Proceedings of the XLVII Italian Society of Agricultural Genetics - SIGA Annual Congress

Verona, Italy - 24/27 September, 2003

ISBN 88-900622-4-X

 

 

REGULATION OF PATHOGENESIS-RELATED GENES IN TRANSGENIC PLANTS WITH CONSTITUTIVELY ACTIVATED DEFENCE SYSTEMS

 

F. FIOCCHETTI*, M. TUCCI**, C. CARUSO***, L. BERTINI***, F. SACCARDO*

 

*) Dipartimento di Produzione vegetale, Università della Tuscia, Viterbo

**) CNR – IGV Istituto di Genetica vegetale, sez. Portici (NA)
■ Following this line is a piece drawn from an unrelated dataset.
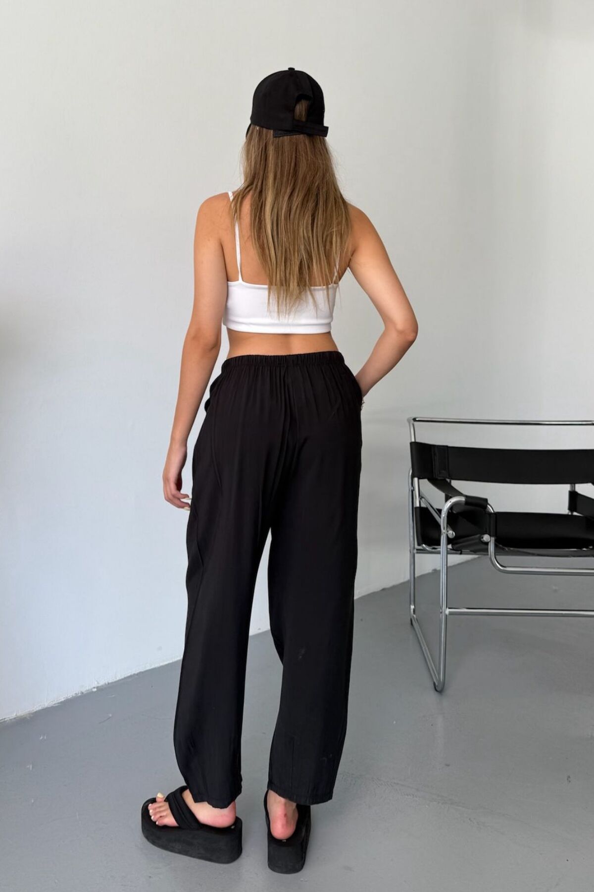 Feela Moda Kadın Modal Cupra Beli Lastikli Çımalı Şalvar Pantolon 2019 38 - Siyah

***) Dipartimento di Agrobiologia e Agrochimica, Università della Tuscia, Viterbo

 

 

PR proteins, PR genes, fungal pathogens, genetic transformation, signal transduction pathways

 

Plants respond to pathogen challenge by activating defence strategies which include synthesis of “pathogenesis-related” (PR) proteins. Most PR proteins show strong antifungal activity in in vitro assays and possibly exert protective roles in vivo.

 

In recent years, extensive research has been devoted to elucidating the signal transduction pathways leading to activation of plant defences upon pathogen attack. These studies have been mainly focused on specific host-pathogen interactions, involving the presence of a specific avirulence (Avr) gene in the pathogen and a specific resistance (R) gene in the host. Neverthless, the complex signalling mechanisms finally leading to the activation of the whole array of plant responses to pathogens have been only partially unravelled.

 

The elucidation of the molecular signals activating PR gene expression could greatly contribute to the general understanding of the signal transduction pathways involved in the plant-pathogen interaction.

 

To this aim, we have studied the differential expression of PR genes in wild type and transgenic tomato plants constitutively expressing tobacco osmotin, a PR5 defence protein, upon treatments with known inducers of defence genes. Namely, expression of PR1, PR4 and PR5 genes was monitored through RT-PCR at different time points after treatments with salicilyc acid (SA) and its functional analogue acibenzolar-S-methyl (benzo[1,2,3]thiadiazole-7-carbothioic acid S-methyl ester) (BTH).

 

PR1 expression was induced by BTH at late time points after the treatment (15 days) in transgenic seedlings, while SA did not trigger the expression of PR1 in seedlings of both the transgenic and the wild type at 7, 10 or 15 days after the treatment. Upon SA treatment of detached leaves, expression of PR1 increased in the wild type already after 4 hours, while it was constitutively elevated in the transgenic line.

 

PR4 expression was induced by BTH but not by SA at 10 and 15 days after the treatment in transgenic and wild type seedlings, while SA triggered PR4 expression at 4 and 24 hours in detached leaves of the same genotypes.

 

The steady-state levels of PR5 RNA did not change upon treatments with either SA and BTH in transgenic and wild type seedlings at long time points, while they increased in detached leaves within 24 hours from the treatment with SA in both the transgenic and the wild type. As expected, PR5 expression was very high in the transgenic line, since the primers used for the RT-PCR detect also the high constitutive expression of the ectopic PR5 gene.